We examined one of the earliest concepts in the realm of black-box outcome explanation, namely Contextual Importance (CI) and Contextual Utility (CU). Since these concepts are realized as a model-agnostic explanation approach, we steered our experiments on two black-box models including neural network (NN) and linear discriminant analysis (LDA). The aim was to explain recognition of human mental states and explore the extent of difference in the generated outcome explanation of applied models. We conducted our experiments on WESAD and MAHNOB-HCI, as publicly and academically available benchmarks in the domain of multimodal affective computation. Different sensor data were experimented in the process of personalized decision making in the first and second datasets. The results revealed that the outputs of electrodermal activity, respiration as well as accelorometer sensors, significantly influence the neural network decision in recognition of “meditation” state in the first dataset. Given LDA, the respiration sensor, however, was excluded. In the second dataset, the electrocardiogram and respiration sensors provided interventions in the “surprised” outcome of neural network, while the importance and utility of solely electrocardiogram sensor was demonstrated by LDA. According to these results, we found that not necessarily the same sensors intervened in the detection of the same class by our examined models, although the models accuracy were tightly close to each other. Another interesting finding of explainability referred to the fact that not only the sensors types, but also their position on the body affects the expression of mental states. For instance, in the first dataset only ACC1 and ACC2 and in the second dataset only ECG2 proved their contribution in the decision making of neural network. In conclusion, this work opened a new room of XAI in affective computation by critically examining different classification models.

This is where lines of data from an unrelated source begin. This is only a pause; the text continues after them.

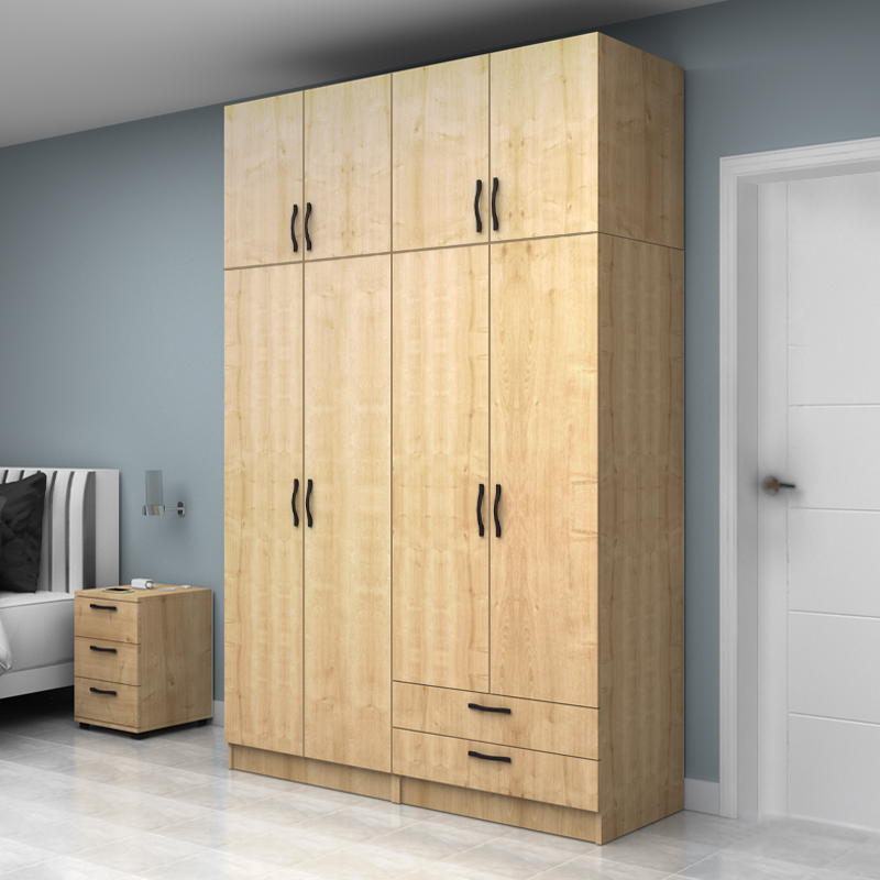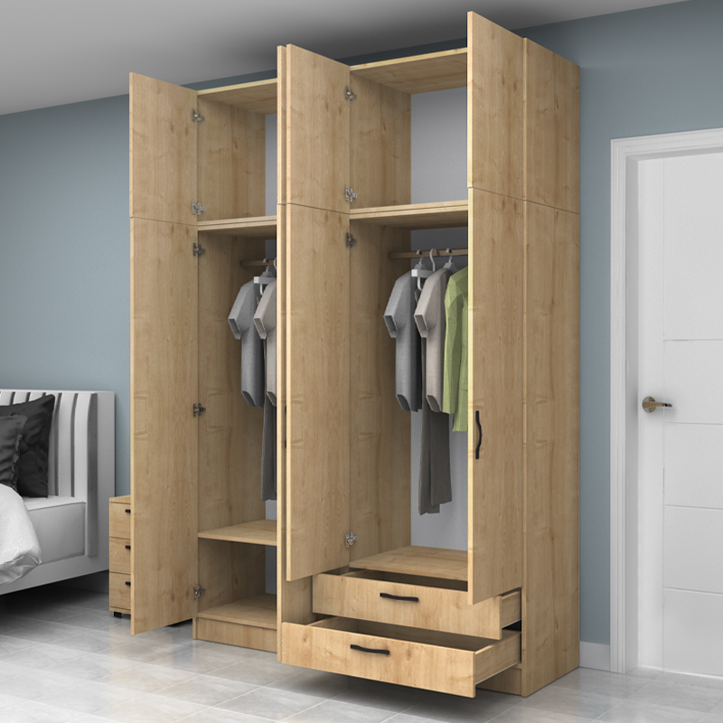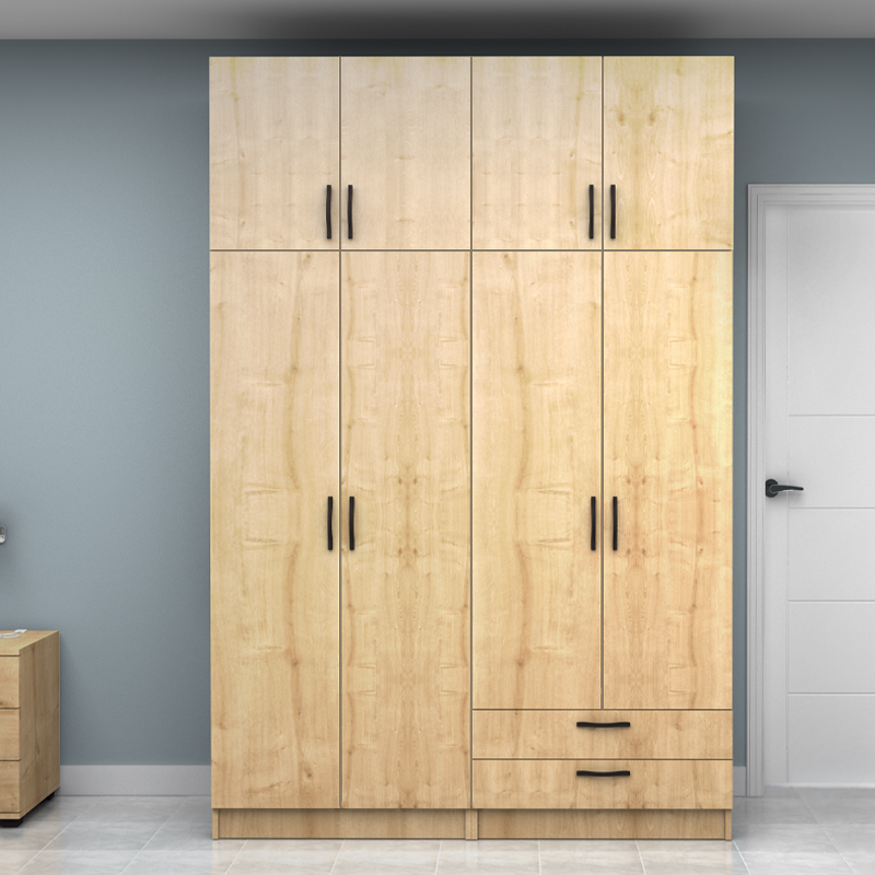 Ντουλάπα ρούχων Vivian τετράφυλλη με πατάρι και συρτάρια χρώμα φυσικό οξιάς 160x51,8x240εκ.
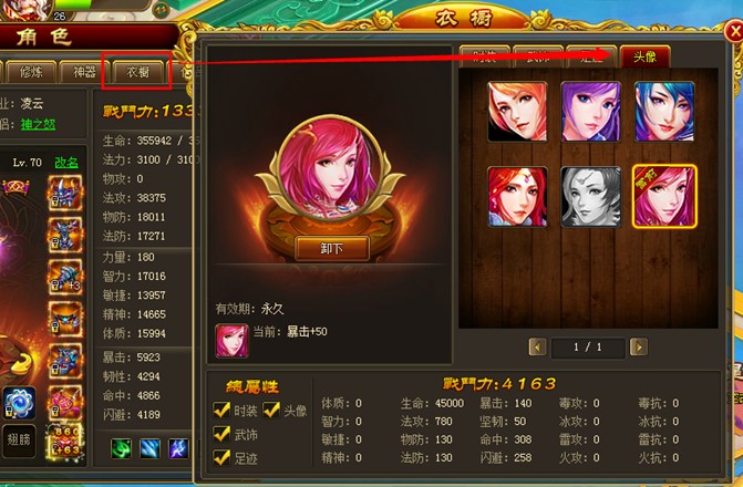(1)功能入口:『角色-衣橱』界面“头像”标签页
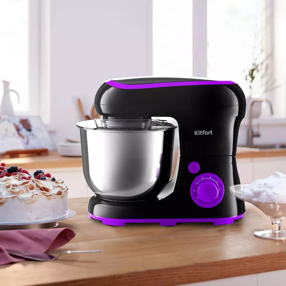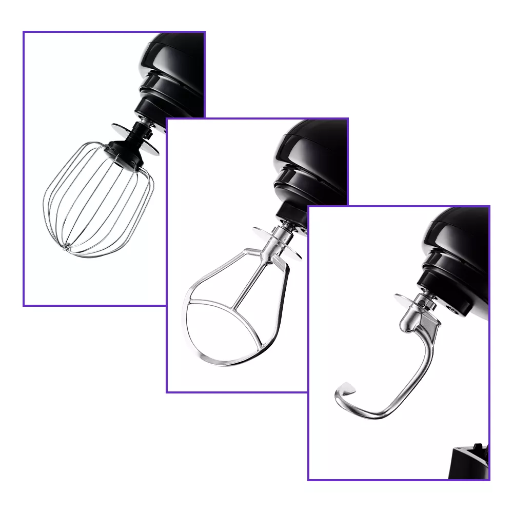 В комплекте идут 3 насадки для взбивания, приготовления пюре и крюк для замеса крутого теста.

Some directions of future works are as follow: although CI and CU concepts provided explanations to both expert and non-expert users in terms of visual and textual representations, yet such explanations alone do not meet the requirements of real-world applications. Augmenting these concepts with further clarifications of users type and their current affective states provides more realistic explanation. We will also focus on improving the CI and CU formulations to explain the prediction of more complex models such as deep neural networks, considering additive information from the hidden layers.